The Amendment states that the Hisaws' liability "shall be specificially limited to the full extent of any funds or assets of [HAGC] received by [the Hisaws] as a result of distributions . . . [or] loans . . ." (Indemnity Agreement 6 (emphasis added)). The Court cannot interpret "distributions" in a way that renders the phrase "received by" meaningless-such a reading would be fundamentally unreasonable. See Westwind Exploration v. Homestate Sav. Ass'n, 696 S.W.2d 378, 382 (Tex. 1985). Furthermore, the Court must look to the contract as a whole in interpreting the Indemnity Agreement's individual provisions. See Coker v. Coker, 650 S.W.2d 391, 393 (Tex. 1983). Including "indirect payments" in the definition of "distributions" would conflict with the rest of the Agreement in several ways.
First, and most importantly, within the very same paragraph as the clause in question, the Amendment also provides that "funds or assets received by [the Hisaws] shall be delivered to the surety upon receipt of the written demand of the Surety." (Indemnity Agreement 6). The only parties to the contract were the Hisaws, HAGC, and the Surety. ( See generally Indemnity Agreement).
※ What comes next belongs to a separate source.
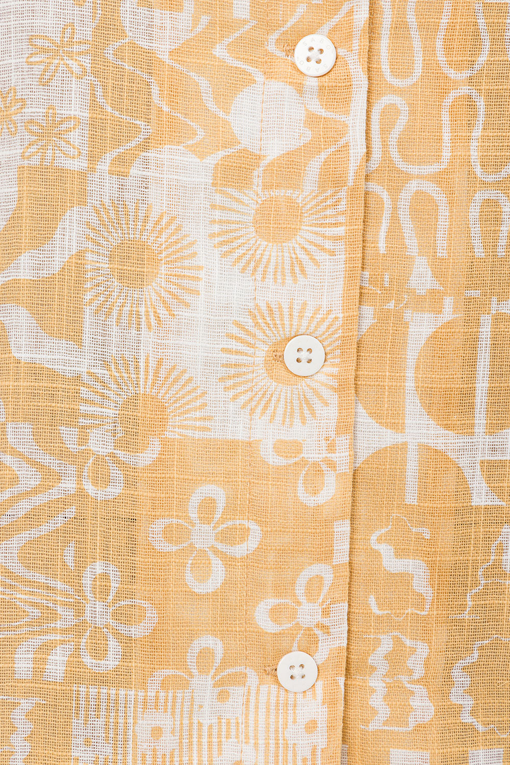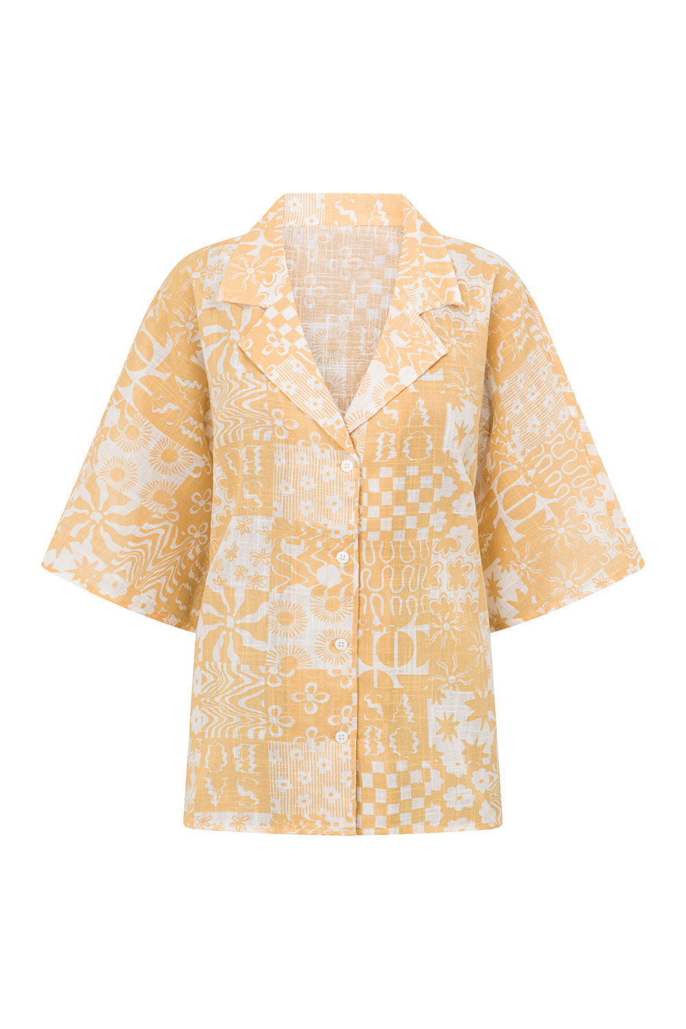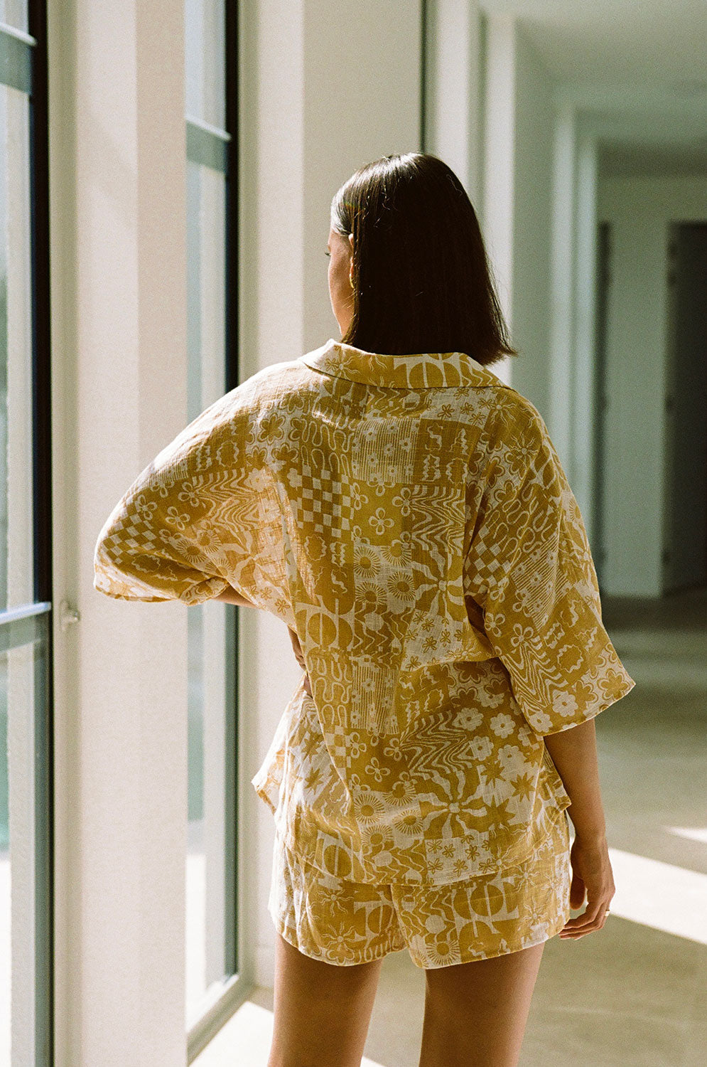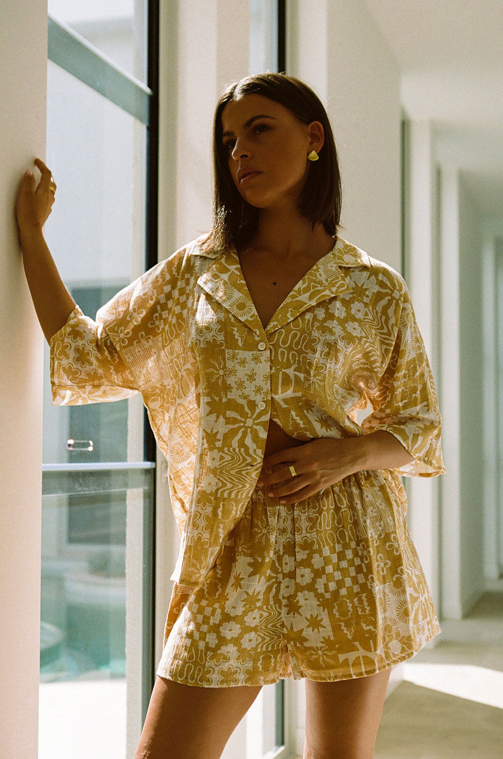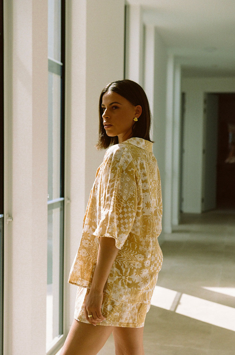 The perfect vacay outfit has arrived! The Seona Top is made from a natural cheesecloth cotton fabric in our exclusive tan canyon print. It is a relaxed style featuring 1/2 length sleeves, buttons down centre front and a low lapel collar. Keep the top open, pair with the Seona Shorts and throw over your bikinis! Designed exclusively by Sabo.

The only parties that could be bound to deliver "funds or assets" would be the Hisaws, HAGC, or the Surety. The clause would have no operative effect on any non-party. Thus, funds or assets "received by" the Hisaws cannot include indirect payments to third parties who are not bound by the Agreement.
Second, reading the term "distributions" in context reflects the parties' intent that "distribution" only include direct payments received by the Hisaws. The Amendment limits the Hisaws' liability to "any funds or assets of [HAGC] received by [the Hisaws] as a result of distributions, payments of dividends or bonuses, redemption of stock, loans, or sale of assets. . . ." (Indemnity Agreement 6 (emphasis added)). All of these other types of payments go directly to the party who benefits from them. A "dividend" is "[a] portion of a company's earnings or profits distributed pro rata to its shareholders." Black's Law Dictionary 547 (9th Ed. 2009) (emphasis added). A "bonus" is a "premium paid in addition to what is due or expected. Id. at 206 (emphasis added). "Redemption" is "[t]he act or an instance of reclaiming or regaining possession by paying a specific price [ to the current possessor]." Id. at 1390 (emphasis added). As discussed above, a loan is "money lent [to someone] at interest." Merriam-Webster Online, www.merriam-webster.com/dictionary/loan (last visited Oct. 21, 2010). A "sale of assets" necessarily involves the transfer of property or title from one person to another for a price. See Black's Law Dictionary 1454. It would be incongruous to then read "distributions" to include payments to a third party, with the Hisaws merely indirectly benefitting from the transfer.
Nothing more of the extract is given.